Not only is chickpea tuna salad a great meal to take to work or eat at home, but you can also make it the day before and grab it on the way out the door.
I made my son a chickpea tuna salad melt on whole-grain bread with Havarti Follow Your Heart cheese slices. And he wanted a second sandwich. Kid tested; mother approved!
Any way you eat it, chickpea tuna salad never disappoints.
Recipe FAQs
The answer is anything. Serve it on crackers or celery. I noted that it tastes excellent inside a tomato, red, or green bell pepper. It tastes fabulous on apple slices as well. I even love dipping homemade potato chips into my chickpea tuna salad.

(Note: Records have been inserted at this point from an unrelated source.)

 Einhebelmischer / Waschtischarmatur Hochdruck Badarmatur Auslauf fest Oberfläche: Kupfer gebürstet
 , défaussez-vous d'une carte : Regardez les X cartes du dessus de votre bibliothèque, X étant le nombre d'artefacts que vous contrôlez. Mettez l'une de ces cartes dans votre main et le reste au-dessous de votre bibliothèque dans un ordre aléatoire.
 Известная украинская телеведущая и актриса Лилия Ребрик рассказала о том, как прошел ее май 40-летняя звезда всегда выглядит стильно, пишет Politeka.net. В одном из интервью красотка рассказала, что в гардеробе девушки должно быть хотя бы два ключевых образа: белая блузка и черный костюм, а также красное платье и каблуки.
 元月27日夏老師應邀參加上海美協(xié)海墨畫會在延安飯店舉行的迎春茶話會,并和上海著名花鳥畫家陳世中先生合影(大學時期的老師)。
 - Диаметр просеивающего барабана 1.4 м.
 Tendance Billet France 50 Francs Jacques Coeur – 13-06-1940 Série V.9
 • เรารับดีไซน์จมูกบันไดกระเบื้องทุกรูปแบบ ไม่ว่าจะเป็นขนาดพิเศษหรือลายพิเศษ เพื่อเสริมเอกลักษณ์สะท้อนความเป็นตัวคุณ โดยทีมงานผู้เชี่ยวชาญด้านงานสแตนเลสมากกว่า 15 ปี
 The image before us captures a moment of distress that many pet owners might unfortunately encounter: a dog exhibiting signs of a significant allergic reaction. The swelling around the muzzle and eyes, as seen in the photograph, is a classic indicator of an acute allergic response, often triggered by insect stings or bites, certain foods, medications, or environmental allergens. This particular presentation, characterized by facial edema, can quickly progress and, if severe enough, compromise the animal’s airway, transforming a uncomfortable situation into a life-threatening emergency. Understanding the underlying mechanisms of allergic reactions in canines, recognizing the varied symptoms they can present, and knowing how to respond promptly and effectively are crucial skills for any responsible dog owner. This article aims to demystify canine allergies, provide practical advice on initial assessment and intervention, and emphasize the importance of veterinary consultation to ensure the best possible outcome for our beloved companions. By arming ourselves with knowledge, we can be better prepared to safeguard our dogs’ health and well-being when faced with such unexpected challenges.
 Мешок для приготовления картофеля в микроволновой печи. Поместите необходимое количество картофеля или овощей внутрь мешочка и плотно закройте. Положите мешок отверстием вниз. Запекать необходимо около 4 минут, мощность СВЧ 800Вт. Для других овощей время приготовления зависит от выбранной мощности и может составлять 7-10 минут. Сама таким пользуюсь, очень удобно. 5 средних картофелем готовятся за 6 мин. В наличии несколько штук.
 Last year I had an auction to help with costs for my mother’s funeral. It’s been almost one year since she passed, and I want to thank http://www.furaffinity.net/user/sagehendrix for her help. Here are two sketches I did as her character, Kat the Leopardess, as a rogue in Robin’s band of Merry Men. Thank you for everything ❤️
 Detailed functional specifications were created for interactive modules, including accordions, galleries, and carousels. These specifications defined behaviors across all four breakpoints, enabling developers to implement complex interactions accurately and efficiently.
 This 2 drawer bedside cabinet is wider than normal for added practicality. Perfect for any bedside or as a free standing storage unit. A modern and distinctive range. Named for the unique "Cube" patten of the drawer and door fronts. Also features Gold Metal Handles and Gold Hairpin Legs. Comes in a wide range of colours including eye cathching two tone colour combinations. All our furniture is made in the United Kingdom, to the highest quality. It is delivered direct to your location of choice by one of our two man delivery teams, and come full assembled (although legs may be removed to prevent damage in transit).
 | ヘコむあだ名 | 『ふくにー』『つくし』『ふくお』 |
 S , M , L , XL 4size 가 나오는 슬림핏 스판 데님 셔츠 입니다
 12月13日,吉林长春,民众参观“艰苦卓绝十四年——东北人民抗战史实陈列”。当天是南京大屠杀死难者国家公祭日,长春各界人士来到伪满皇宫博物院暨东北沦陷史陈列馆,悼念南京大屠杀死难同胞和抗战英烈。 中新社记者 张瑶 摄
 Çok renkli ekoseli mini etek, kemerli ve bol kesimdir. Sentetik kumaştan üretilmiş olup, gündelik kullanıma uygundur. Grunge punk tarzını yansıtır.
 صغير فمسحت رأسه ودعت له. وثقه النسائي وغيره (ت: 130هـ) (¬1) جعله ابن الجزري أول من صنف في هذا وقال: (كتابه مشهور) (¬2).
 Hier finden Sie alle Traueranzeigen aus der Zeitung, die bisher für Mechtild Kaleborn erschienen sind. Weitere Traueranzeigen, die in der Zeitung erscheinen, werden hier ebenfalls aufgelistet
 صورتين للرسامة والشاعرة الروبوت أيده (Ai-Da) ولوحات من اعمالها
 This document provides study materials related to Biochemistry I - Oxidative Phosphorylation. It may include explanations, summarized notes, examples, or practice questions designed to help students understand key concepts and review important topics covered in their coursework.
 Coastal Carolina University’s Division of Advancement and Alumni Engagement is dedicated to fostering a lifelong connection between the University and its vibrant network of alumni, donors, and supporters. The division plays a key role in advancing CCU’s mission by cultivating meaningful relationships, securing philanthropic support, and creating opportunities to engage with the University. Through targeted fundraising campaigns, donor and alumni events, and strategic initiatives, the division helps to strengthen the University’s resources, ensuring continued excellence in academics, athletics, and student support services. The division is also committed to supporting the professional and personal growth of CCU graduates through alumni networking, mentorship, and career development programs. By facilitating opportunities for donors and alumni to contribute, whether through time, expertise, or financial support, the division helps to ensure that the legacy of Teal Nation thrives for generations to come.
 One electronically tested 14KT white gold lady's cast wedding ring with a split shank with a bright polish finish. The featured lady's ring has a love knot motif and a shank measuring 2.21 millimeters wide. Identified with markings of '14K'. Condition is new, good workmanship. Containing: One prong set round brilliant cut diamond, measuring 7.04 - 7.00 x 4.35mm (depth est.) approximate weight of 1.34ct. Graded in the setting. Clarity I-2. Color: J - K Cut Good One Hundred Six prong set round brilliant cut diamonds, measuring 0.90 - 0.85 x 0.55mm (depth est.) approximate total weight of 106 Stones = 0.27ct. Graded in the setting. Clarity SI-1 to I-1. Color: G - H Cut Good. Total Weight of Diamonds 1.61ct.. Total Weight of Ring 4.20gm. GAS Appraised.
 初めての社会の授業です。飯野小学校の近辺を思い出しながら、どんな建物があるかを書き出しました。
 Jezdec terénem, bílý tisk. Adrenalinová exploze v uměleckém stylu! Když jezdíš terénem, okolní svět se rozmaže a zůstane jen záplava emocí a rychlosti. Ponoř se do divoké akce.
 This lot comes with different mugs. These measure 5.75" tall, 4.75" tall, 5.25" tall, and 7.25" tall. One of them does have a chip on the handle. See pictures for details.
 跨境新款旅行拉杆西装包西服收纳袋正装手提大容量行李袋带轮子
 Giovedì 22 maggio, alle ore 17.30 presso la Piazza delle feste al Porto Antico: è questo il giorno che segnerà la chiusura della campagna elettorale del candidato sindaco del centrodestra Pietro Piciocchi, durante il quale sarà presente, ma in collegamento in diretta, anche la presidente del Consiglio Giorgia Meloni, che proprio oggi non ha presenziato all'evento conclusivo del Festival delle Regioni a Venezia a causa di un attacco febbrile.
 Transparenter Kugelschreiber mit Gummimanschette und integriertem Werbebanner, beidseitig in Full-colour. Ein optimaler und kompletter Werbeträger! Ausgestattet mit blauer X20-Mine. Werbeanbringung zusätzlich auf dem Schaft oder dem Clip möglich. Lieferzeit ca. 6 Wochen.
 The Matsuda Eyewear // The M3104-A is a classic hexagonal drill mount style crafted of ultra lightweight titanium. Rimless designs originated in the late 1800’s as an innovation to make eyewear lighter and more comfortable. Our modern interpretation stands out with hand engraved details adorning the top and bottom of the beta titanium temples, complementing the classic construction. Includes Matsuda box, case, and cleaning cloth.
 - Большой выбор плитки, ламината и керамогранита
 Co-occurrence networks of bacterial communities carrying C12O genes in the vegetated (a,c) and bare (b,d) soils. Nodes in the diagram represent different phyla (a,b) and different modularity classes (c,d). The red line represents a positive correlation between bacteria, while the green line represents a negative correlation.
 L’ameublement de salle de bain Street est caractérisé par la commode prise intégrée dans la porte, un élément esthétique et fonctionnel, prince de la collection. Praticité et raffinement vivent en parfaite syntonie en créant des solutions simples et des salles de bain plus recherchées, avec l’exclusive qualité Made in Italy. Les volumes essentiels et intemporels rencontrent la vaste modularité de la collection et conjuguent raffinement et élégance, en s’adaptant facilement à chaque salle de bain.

Chickpea tuna salad has a wonderful, flaky, creamy texture and a slight taste savory sea flavor. However, it doesn’t taste fishy at all!
Chickpeas boast an impressive nutritional profile. They contain a moderate number of calories, providing 269 per cup (164 grams). Approximately 67% of these calories come from carbs, while the rest comes from protein and fat.
Tips
- Use your favorite bread, wrap, or pita (toasted or untoasted)
- I love tomatoes slices, cucumber slices, micro-greens, lettuce, and dill pickles.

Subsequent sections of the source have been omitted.